The United States and Greenland: A Troubled History
Since the second half of the 19th century, the United States has viewed Greenland as a strategic asset rather than merely as a potential territory in which to expand into. After purchasing Alaska in 1867, William H. Seward’s administration considered acquiring Greenland and Iceland, but the project never came to fruition.
In the early 20th century, an even more complicated proposal resurfaced in 1910 and was discussed in diplomatic circles, involving an exchange of territories to obtain Greenland, but it was eventually abandoned.
The turning point came during the Cold War when, in 1946, the Truman administration offered Denmark $100 million in gold to purchase the island, but the offer was declined. Over the following years, Washington consolidated its military presence through various agreements, ultimately establishing Thule Air Base (Pituffik) as the cornerstone of its Arctic strategy.
More recently, the issue returned to prominence when Donald Trump relaunched the idea of ‘buying’ Greenland in 2019, a proposal that was rejected by both Copenhagen and the Greenlandic authorities. Against the backdrop of Arctic competition and security in 2026, the issue resurfaced amid political tensions and technical contacts between the US, Denmark, and Greenland. Meanwhile, many Inuit voices in Greenland reiterate that the Arctic land is not a negotiable commodity.
Heartland and Rimland
The concept of the Heartland was developed by Halford John Mackinder in the early 20th century. The idea is that there is a terrestrial ‘pivot’ at the centre of Eurasia - roughly the large inland plain which was historically more difficult to penetrate from the sea - which, if controlled by a land power, can project force towards the peripheries and influence the global balance. In his famous formula, control of Eastern Europe is the gateway to this pivot.
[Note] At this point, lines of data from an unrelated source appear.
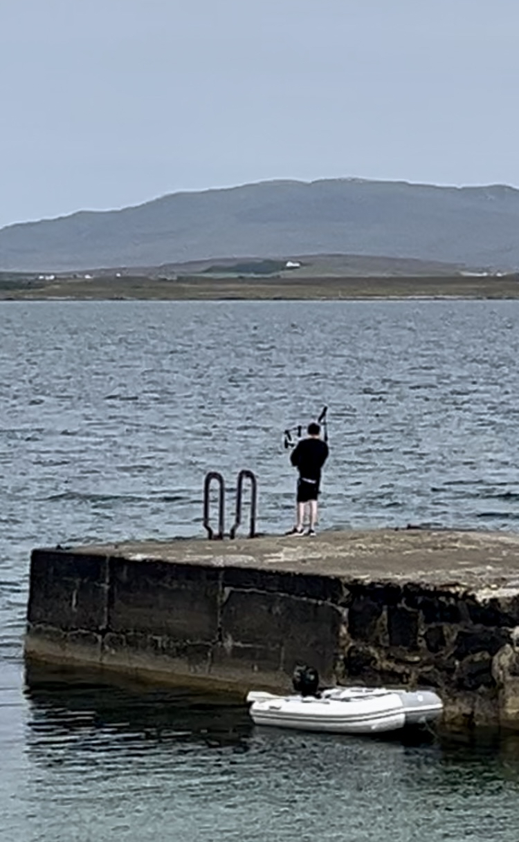Islay doesn’t have the rugged mountain terrain of neighbouring Jura, but it does have sandy beaches, secluded bays, pretty villages, and crafts. Port Charlotte is one such village, containing a shop, museum, pub, lighthouse and a young lad practising his bagpipes on the pier.
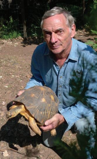 Bernard Devaux with a Radiated Tortoise (Astrochelys radiata).
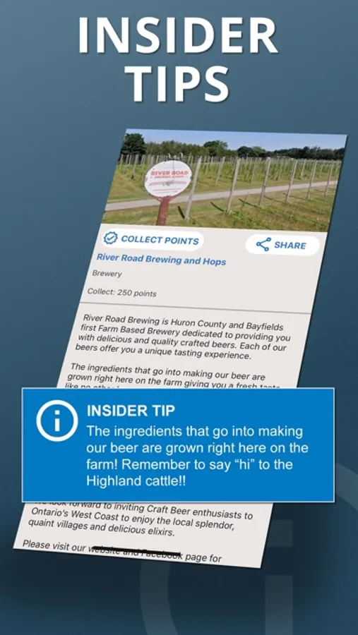 By visiting featured locations, you can collect points that will enter you into a monthly draw for a gift certificate to one of the many fine local food experiences Ontario's West Coast has to offer. Use the mobile app to discover and savour the many tastes of Huron County, and with each visit, you will improve your odds in winning the monthly prize.
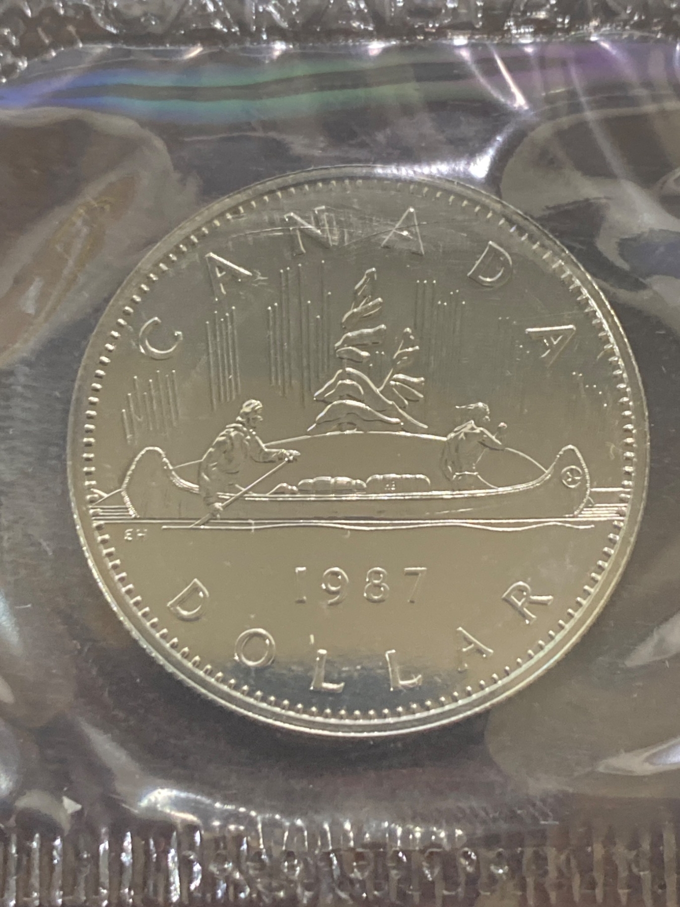 1987 Royal Canadian Mint uncirculated coin set featuring seven coins from the Canadian currency system, including a dollar, 50 cents, 25 cents, 10 cents, 5 cents, and 1 cent. Each coin is sealed in its original mint packaging and accompanied by an informational card. Packaging measures approximately 6.7 x 4 inches. A great collectible or gift for enthusiasts of Canadian numismatics.
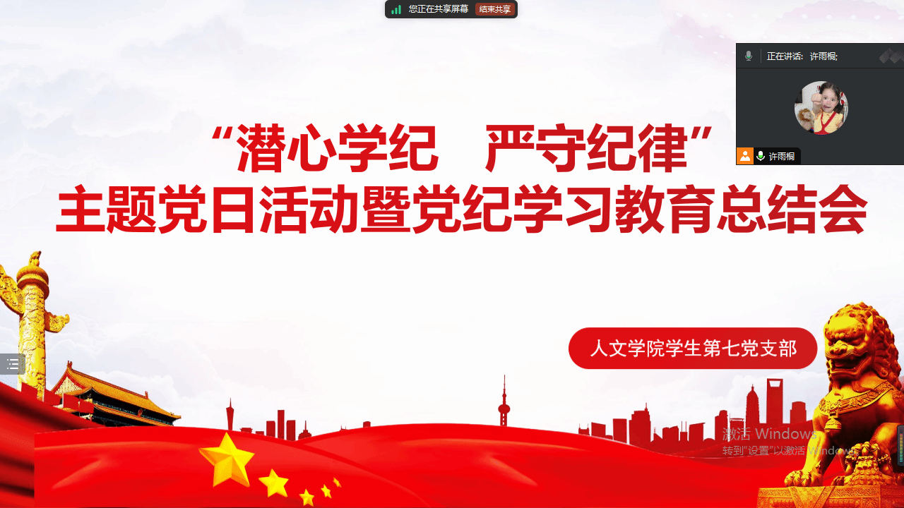 为深化“循迹溯源学思想促践行”行动,深入学习习近平总书记关于党纪学习教育的重要讲话和重要指示精神,推进党纪学习教育走深走实,取得实实在在的成效,2024年9月11日晚,免费色情片 学生第七党支部在线上开展了以“潜心学纪 严守纪律”为主题的党日活动。会议由支部宣传委员许雨桐主持。
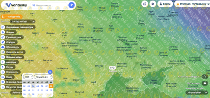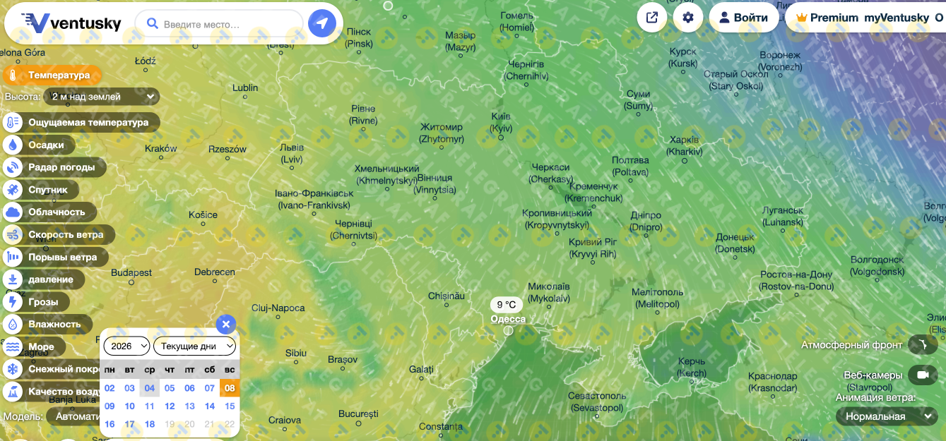Згідно з картами сервісу Ventusky, Одеський регіон перебуватиме під впливом помірних повітряних мас. На метеорологічній мапі зафіксовано показник +9°C для прибережної зони.
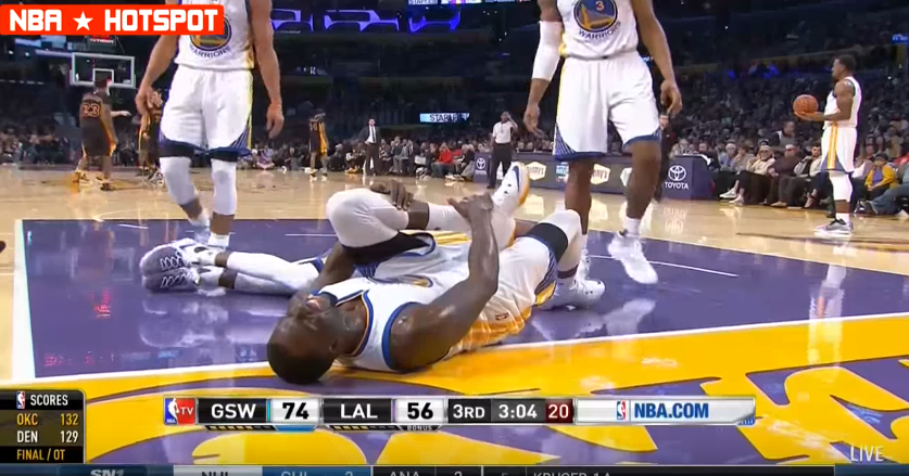 http://www.dailymotion.com/video/x53lv30 L'intérieur All-Star a glissé, abîmant sa cheville au passage, et il est retombé sur Ian Clark. Les deux hommes sont restés longuement à terre. Aucun des deux n'est retourné sur le parquet par la suite. Une fois debout, ils se sont immédiatement dirigé - difficilement - vers le vestiaire."Draymond m'a dit qu'il s'était fait mal à la cheville mais que ce n'était rien de grave", confesse Steve Kerr, le coach des Warriors.L'IRM n'a révélé aucune fracture. Draymond Green espère jouer le prochain match contre les Minnesota Timberwolves, ce soir.
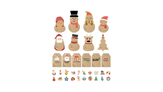 520Tags Christmas Gift Tags Stickers, Self-Adhesive Christmas Name Tags, Vintage Christmas Labels for Presents, Holiday Cute Kraft Xmas Kids Stickers for Boxes, Envelopes,Wrapping Paper,Packages,Cards +

Nicholas J. Spykman developed the concept of Rimland as a critique and integration of this idea. According to Spykman, it is not the inner ‘heart’ that decides, but the coastal and sub-coastal belt surrounding Eurasia (including maritime Europe, the Middle East, the Indian subcontinent, Southeast Asia and coastal China). This is because the population, industry, ports and choke points are concentrated here, as is the capacity to combine land and naval power. For Spykman, whoever dominates the Rimland can contain the Heartland and, as a result, influence the entire international system.
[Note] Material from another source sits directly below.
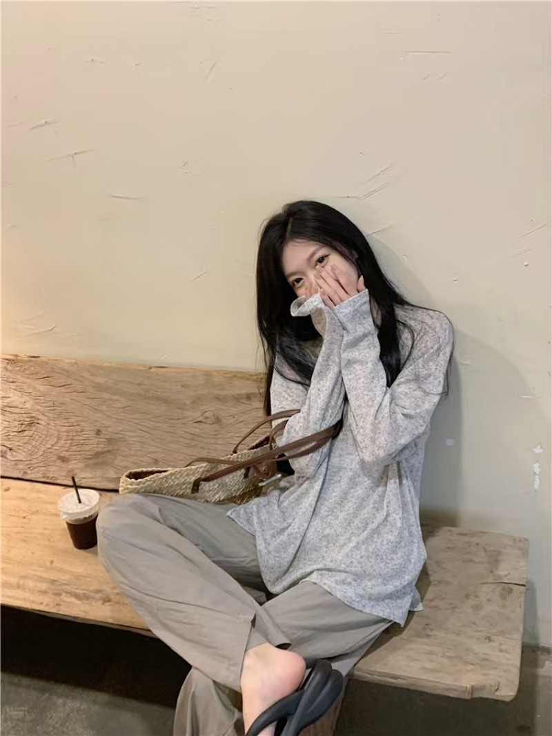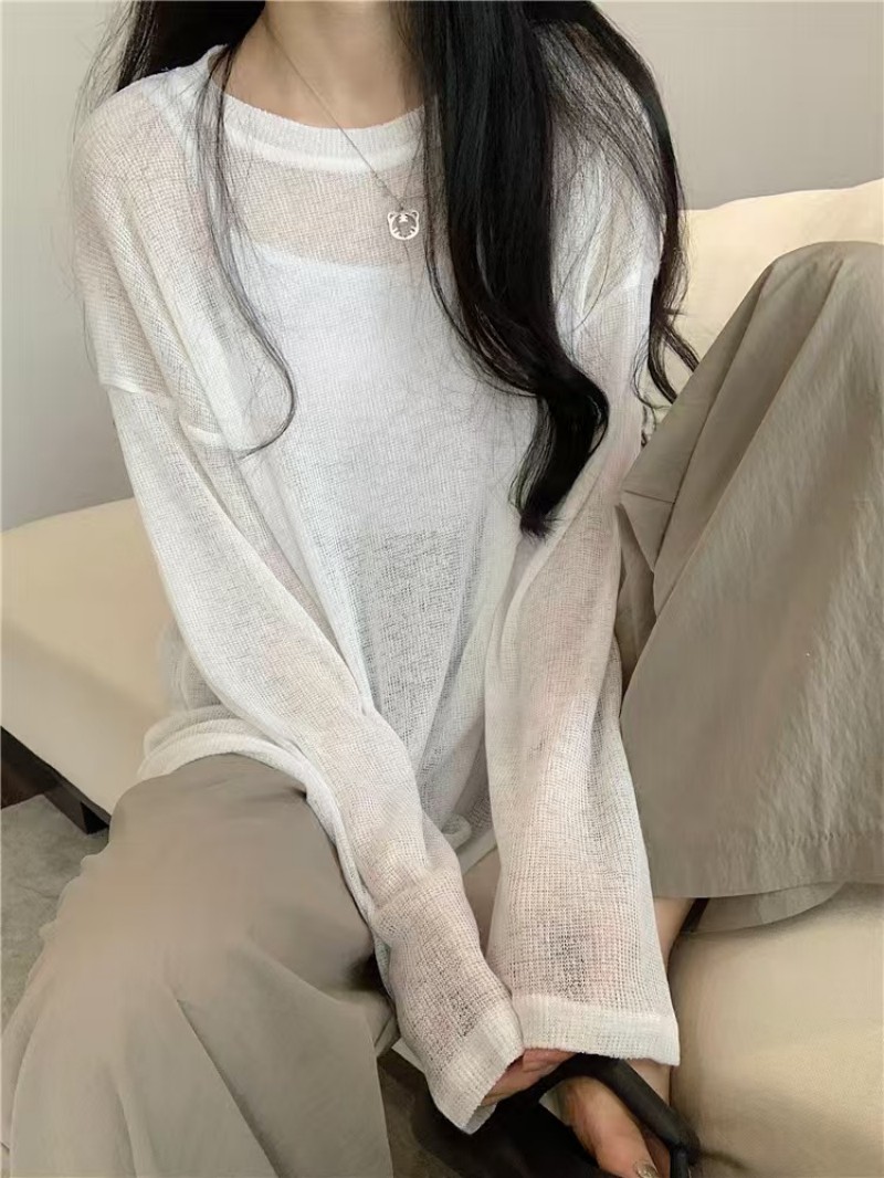 薄手ラウンドネック長袖Tシャツ ゆったり夏用カジュアルトップス

The Arctic route therefore offers an alternative to this system, connecting the two extremes of the Rimland without passing through the centre. Consequently, the Arctic route is no longer (or not merely) useful to bypass the Atlantic routes - which are firmly under Western control - but rather to connect the extremities of the Rimland (Western Europe and Japan) without passing through it.
The West is under siege, like the Venetian Republic
Today, the West is experiencing on a macro level what happened to the Venetian Republic on a micro level from the 16th century onwards: it has been cut off from the trade and supply lines on which its economy and security depend.
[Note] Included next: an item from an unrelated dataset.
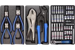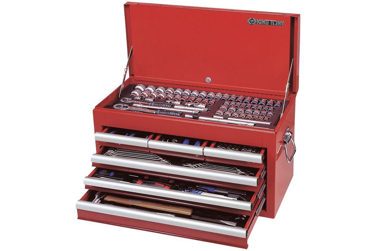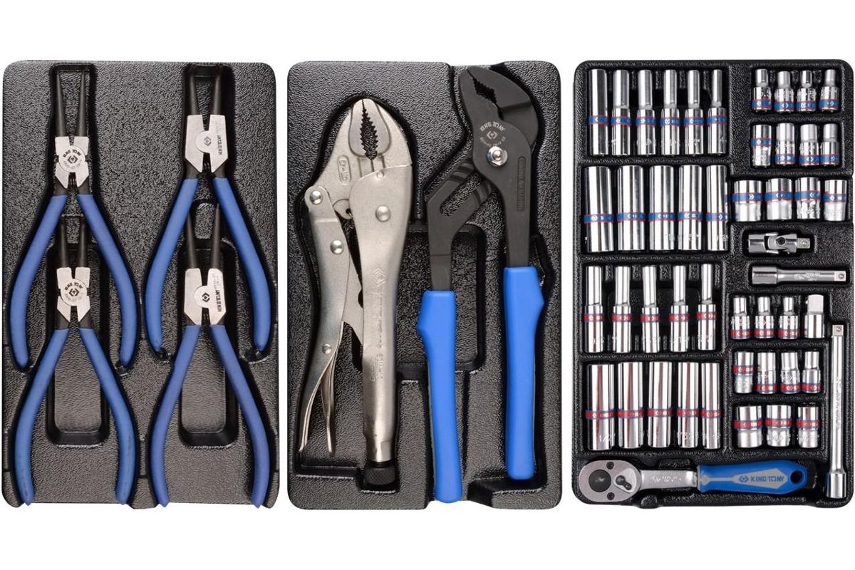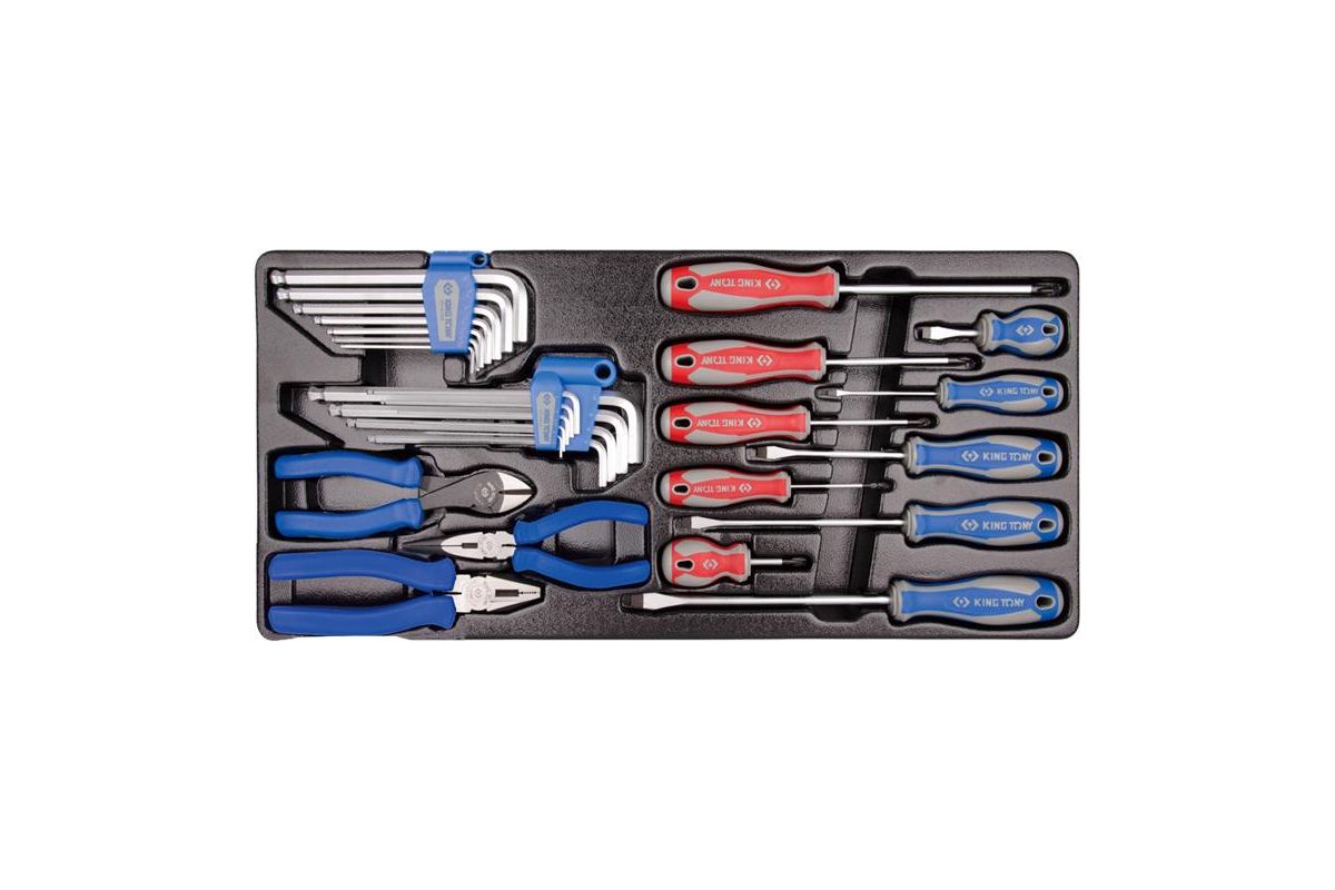 Набор инструментов марки KING TONY состоит из 219 предметов, и включает в себя ложементы, размещённые в инструментальном ящике. Каждый ложемент расположен на своей полке, что позволяет содержать инструмент в полном порядке. Комплектация набора включает в
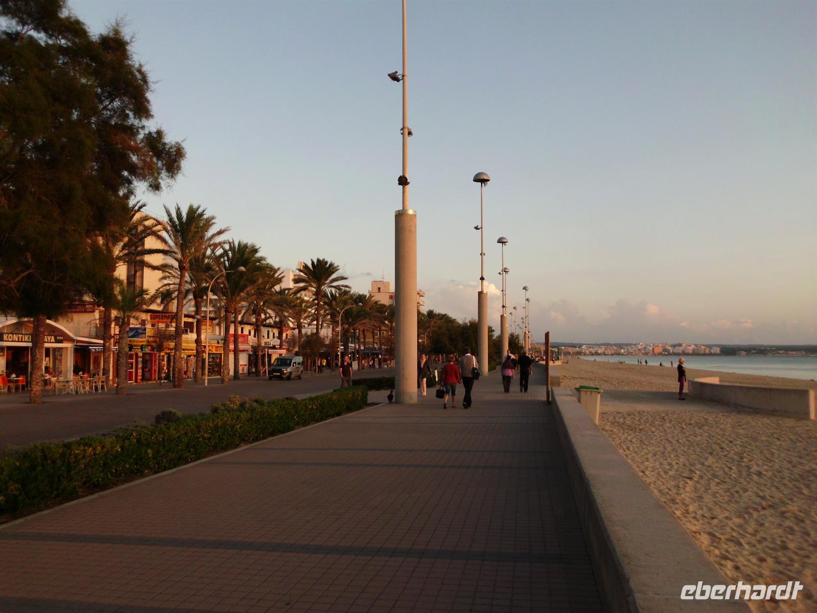 Nach einem verspäteten Frühstück machte man sich auf in den Tag. Die Strandpromenade lockte zu langen Spaziergängen oder einer Radtour. Das bewölkte Wetter hielt uns zwar davon ab ins Meer zu gehen, nicht jedoch davon sich an den Strand zu legen. Andere wiederum frischten ihre Erinnerungen von früheren Aufenthalten in Mallorca auf.

Pushed back within its European and North American borders, the West now finds itself under siege from various threats, such as the war in Ukraine and mass immigration. Internal divisions between US supremacism, EU managerial globalism, and other Anglosphere countries are a consequence of the polarisation of political conflict.
However, the apparent complexity of the issue can be drastically reduced by changing our perspective. Instead of looking at the Greenland issue through the lens of particular interests (states, lobbies and ideologies), one should adopt a civilisational approach: control of Greenland is crucial for the survival of the West itself.
The means by which such control is maintained will also be crucial to this survival. A military annexation by the United States would mark a final break between the European and American blocs - a rift that the people cannot afford, but the elites can.
Conversely, a joint mission by all NATO member states would be a more internally agreeable scenario, demonstrating that European states are capable of defending themselves and playing an active role in defending the West.
The most tragic scenario would be for Greenland to embrace Chinese influence, which would provide the Eastern Dragon with the means to economically checkmate and subjugate both the United States and the European Union. At that point, the reaction could only be desperate.